Start of Provided records
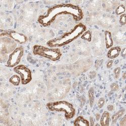 - Immunohistochemical staining of human kidney shows strong cytoplasmic positivity in cells in tubules.
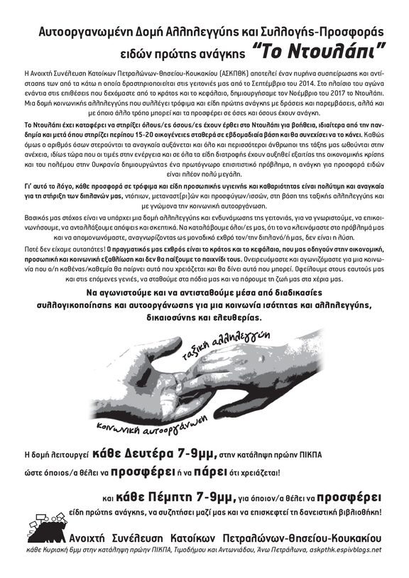 Η Ανοιχτή Συνέλευση Κατοίκων Πετραλώνων-Θησείου-Κουκακίου (ΑΣΚΠΘΚ) αποτελεί έναν πυρήνα συσπείρωσης και αντίστασης των από τα κάτω η οποία δραστηριοποιείται στις γειτονιές μας από το Σεπτέμβριο του 2014. Στο πλαίσιο του αγώνα ενάντια στις επιθέσεις που δεχόμαστε από το κράτος και το κεφάλαιο, δημιουργήσαμε τον Νοέμβριο του 2017 το Ντουλάπι. Μια δομή κοινωνικής αλληλεγγύης που συλλέγει τρόφιμα και είδη πρώτης ανάγκης με δράσεις και παρεμβάσεις, αλλά και με όποιο άλλο τρόπο μπορεί και τα προσφέρει σε όσες και όσους έχουν ανάγκη.
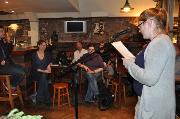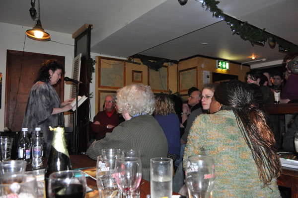 By 9:36 the packed pub rumbled with talk of days at work, abandoned poems, writing conferences, and novels in progress. The man in the green sweater introduced the evening’s emcee to the evening’s featured poet, Pauline Fayne. Surely we were about to begin. Then the emcee set her purse on my table, rolled a cigarette, and strolled outside. I nearly followed her, but stood my ground. Or sat it.
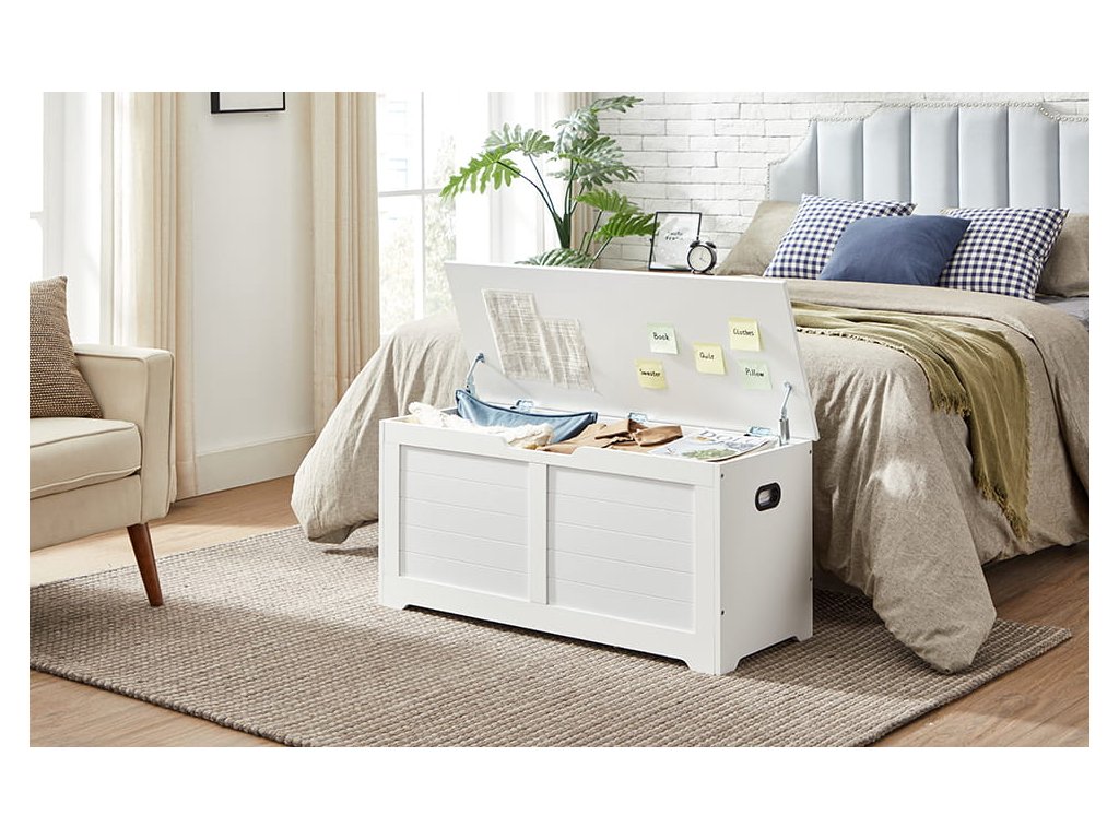 - Pokrov je opremljen s trdnimi tečaji in zavesami, ki držijo skrinjo odprto pod kotom 60 stopinj in manj
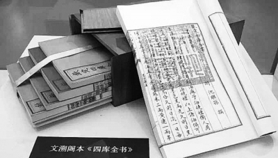 谈到中国历史上规模最大的文化典籍,人们一般会不约而同地想到《四库全书》。1772年,乾隆皇帝颁布敕令编纂《四库全书》。为此,皇家在全国范围内广泛征集各类典籍。朝堂360多位官员学者进入编委会组织编纂,全国遴选3800多位文人学士从事抄写。因丛书分经史子集四部,故名四库;因收录典籍3500多种,7.9万卷,3.6万册,字数8亿,内容涉及此前中国历代著作,故称“全书”。1782年第一部抄写完成,存放于北京故宫文渊阁,便于乾隆随时御览。1783年第二部抄写完成,存放于沈阳故宫文溯阁,便于乾隆回龙兴之地时御览。1784年第三部抄写完成,存放于圆明园文源阁,便于乾隆休假疗养时御览。1785年抄写完成第四部,存放于承德避暑山庄文津阁,便于乾隆消夏避暑时御览。1787年又抄写了三部,御敕存放于镇江金山寺行宫文宗阁、扬州天宁寺行宫文汇阁和杭州圣因寺行宫文澜阁,便于乾隆巡幸江南时御览。
End of Provided records
= What you have to do =
Print exactly the lines running from the start of the entries above to the line with "- Pokrov je", both included; leave out any pictures.

= Finished task =
 - Immunohistochemical staining of human kidney shows strong cytoplasmic positivity in cells in tubules.
 Η Ανοιχτή Συνέλευση Κατοίκων Πετραλώνων-Θησείου-Κουκακίου (ΑΣΚΠΘΚ) αποτελεί έναν πυρήνα συσπείρωσης και αντίστασης των από τα κάτω η οποία δραστηριοποιείται στις γειτονιές μας από το Σεπτέμβριο του 2014. Στο πλαίσιο του αγώνα ενάντια στις επιθέσεις που δεχόμαστε από το κράτος και το κεφάλαιο, δημιουργήσαμε τον Νοέμβριο του 2017 το Ντουλάπι. Μια δομή κοινωνικής αλληλεγγύης που συλλέγει τρόφιμα και είδη πρώτης ανάγκης με δράσεις και παρεμβάσεις, αλλά και με όποιο άλλο τρόπο μπορεί και τα προσφέρει σε όσες και όσους έχουν ανάγκη.
 By 9:36 the packed pub rumbled with talk of days at work, abandoned poems, writing conferences, and novels in progress. The man in the green sweater introduced the evening’s emcee to the evening’s featured poet, Pauline Fayne. Surely we were about to begin. Then the emcee set her purse on my table, rolled a cigarette, and strolled outside. I nearly followed her, but stood my ground. Or sat it.
 - Pokrov je opremljen s trdnimi tečaji in zavesami, ki držijo skrinjo odprto pod kotom 60 stopinj in manj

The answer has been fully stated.